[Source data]
• • • • • • •

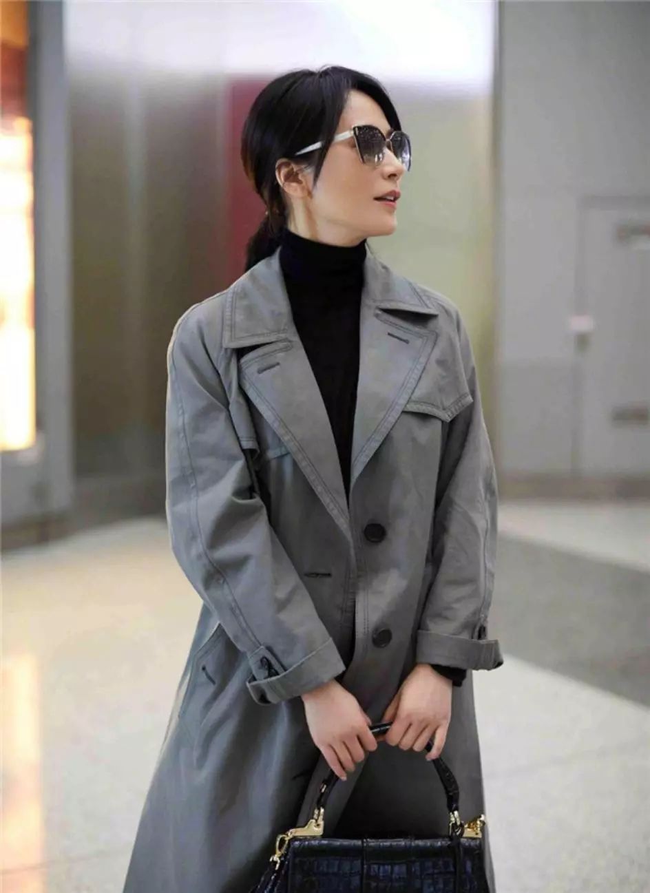 同是被时间遗忘的女神,俞飞鸿越大越有韵味,她的穿衣风格依然简约大气,一袭灰色风衣内搭黑色高领针织衫,低调从容,优雅与率性兼具,散发着成熟女人魅力,墨镜为点缀酷帅气场足,气质高级,甚是迷人。
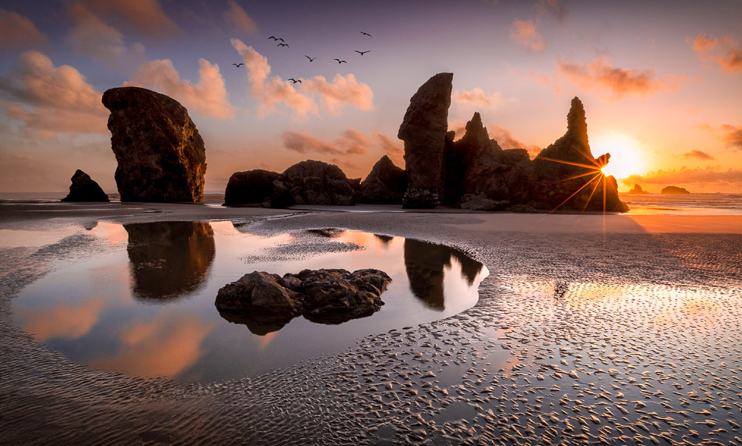 I wonder about what lens you used for this shot, as the horizon looks slightly curved to me. I love the Oregon Coast and it provides classic shots, which I think you have created here, Dan. I'd hang it on my wall. I might open the shadows on the haystack a little, but that's my only nitpick. |
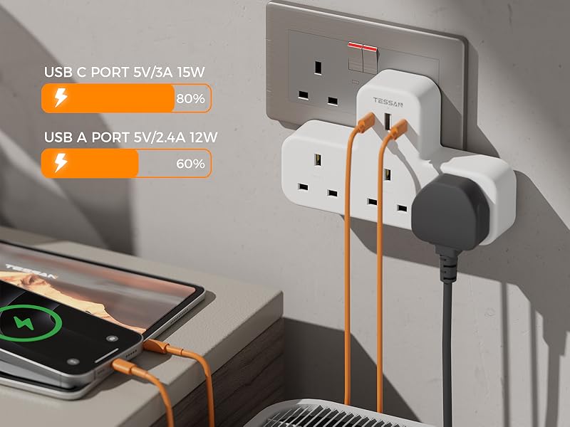 The TESSAN USB C Charger Plug UK is a compact, multi-functional 3-way extension socket featuring 3 AC outlets and 3 USB ports (including USB C) with a max output of 15W. Designed for high power capacity (up to 3250W) and safety with a built-in 13A fuse, it offers a neat, cable-free charging solution ideal for home, office, or school environments.
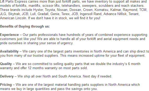 For your entire fleet of lift-trucks, we provide the best prices on all our parts. For a price estimate on a part or attachment we offer, please get in touch with us at:
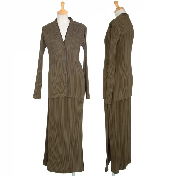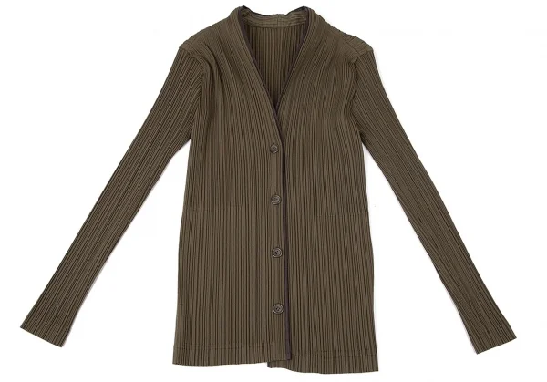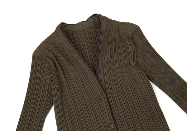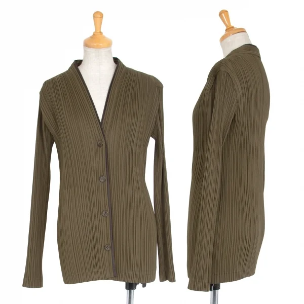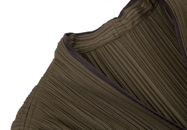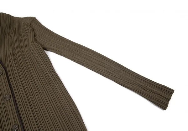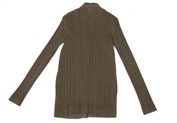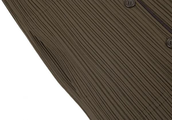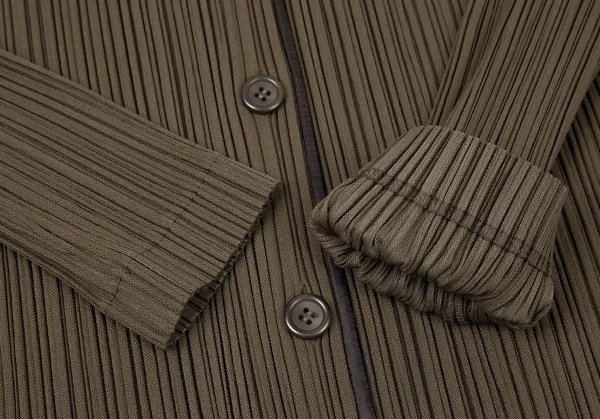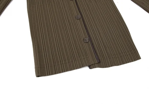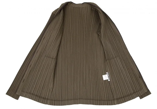 イッセイミヤケ ホワイトレーベルISSEY MIYAKE WHITELABEL プリーツノーカラージャケット カーキ2
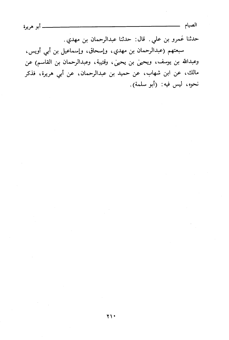 سبعتهم (عبد الرحمن بن مهدي، وإسحاق، وإسماعيل بن أبي أويس، وعبد الله بن يوسف، ويحيى بن يحيى، وقتيبة، وعبد الرحمن بن القاسم) عن مالك، عن ابن شهاب، عَنْ حُمَيْدِ بْنِ عَبْدِ الرَّحْمَانِ، عَنْ أَبِي هُرَيْرَةَ، أَنَّ رَسُولَ اللهِ صلى الله عليه وسلم قَالَ:
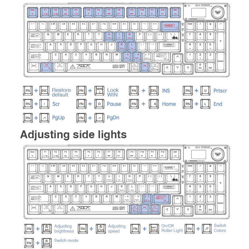 Beautiful keyboard with 16.8 million RGB cool backlight. brightness and lighting speed are adjustable. Users can custom the backlight via the AULA driver.With transparent keycaps make it look more fashion!
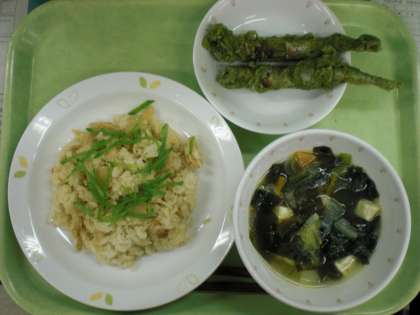 「たけのこごはん、ししゃものからあげ、豆腐汁、牛乳」です。
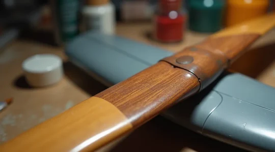 Specialized effects like wood grain simulation add authenticity to aircraft featuring exposed wood structures. The process involves base color selection (appropriate wood tone), oil paint dragging (pulling thinned oil paint across the surface with a fine brush to create grain lines), and masking to create individual plank delineation. A clear orange-tinted topcoat adds warmth and depth to the simulated wood.
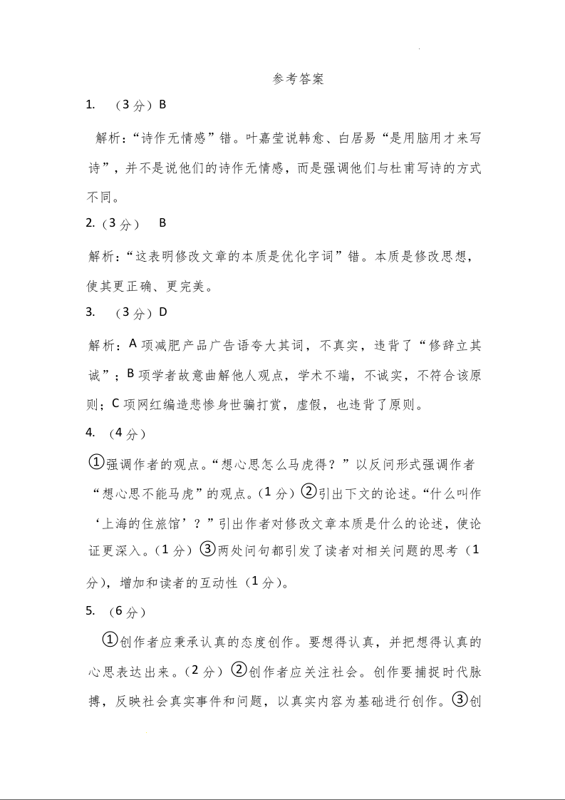 山西省运城市2024-2025学年上学期1月高二期末调研测试语文答案
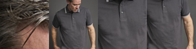 95% ringspun combed cotton/5% elastane. In transition to using organic cotton.Mini piqué.Fitted style.Contrast tipped flat knit collar and cuffs with elastane.Taped neck.Three button placket with self colour branded buttons.Side vents.Twin needle hem.
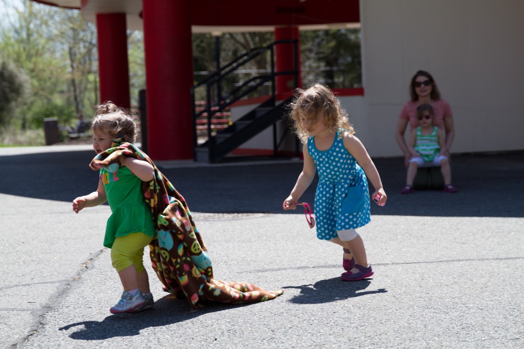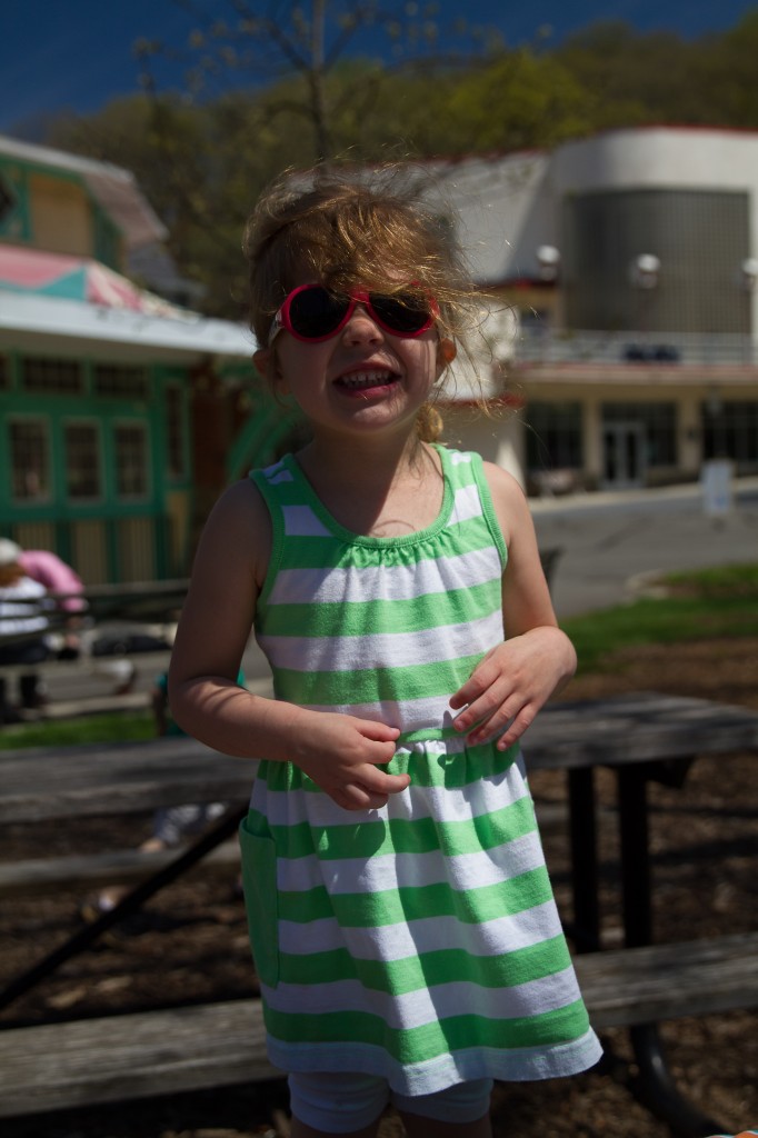 While Justin and I both enjoyed the hour plus we were at the park as we love being outside with the kids, we both couldn’t help but feel an overall sense of disappointment. The park was an amusement park starting in the early 1900’s so it still has the old amusement park look. Today the park has art studios, dance classes, a small playground, a restored carousel, and other visual arts and performing arts classes. But unless you go on a family day or another time where there is a big event, there truly isn’t a whole lot to do unless you plan for one of the classes in advances. They did have a puppet show while we were there but it was recommended for kids ages five and over. Anyway, we tried to get a few pics of the ladies together…these were the results…

• • • • • • •

Print exactly the lines above that run from the one with "Specialized effects like" to the one with "95% ringspun combed", both included. No pictures.

• Result of this task:
 Specialized effects like wood grain simulation add authenticity to aircraft featuring exposed wood structures. The process involves base color selection (appropriate wood tone), oil paint dragging (pulling thinned oil paint across the surface with a fine brush to create grain lines), and masking to create individual plank delineation. A clear orange-tinted topcoat adds warmth and depth to the simulated wood.
 山西省运城市2024-2025学年上学期1月高二期末调研测试语文答案
 95% ringspun combed cotton/5% elastane. In transition to using organic cotton.Mini piqué.Fitted style.Contrast tipped flat knit collar and cuffs with elastane.Taped neck.Three button placket with self colour branded buttons.Side vents.Twin needle hem.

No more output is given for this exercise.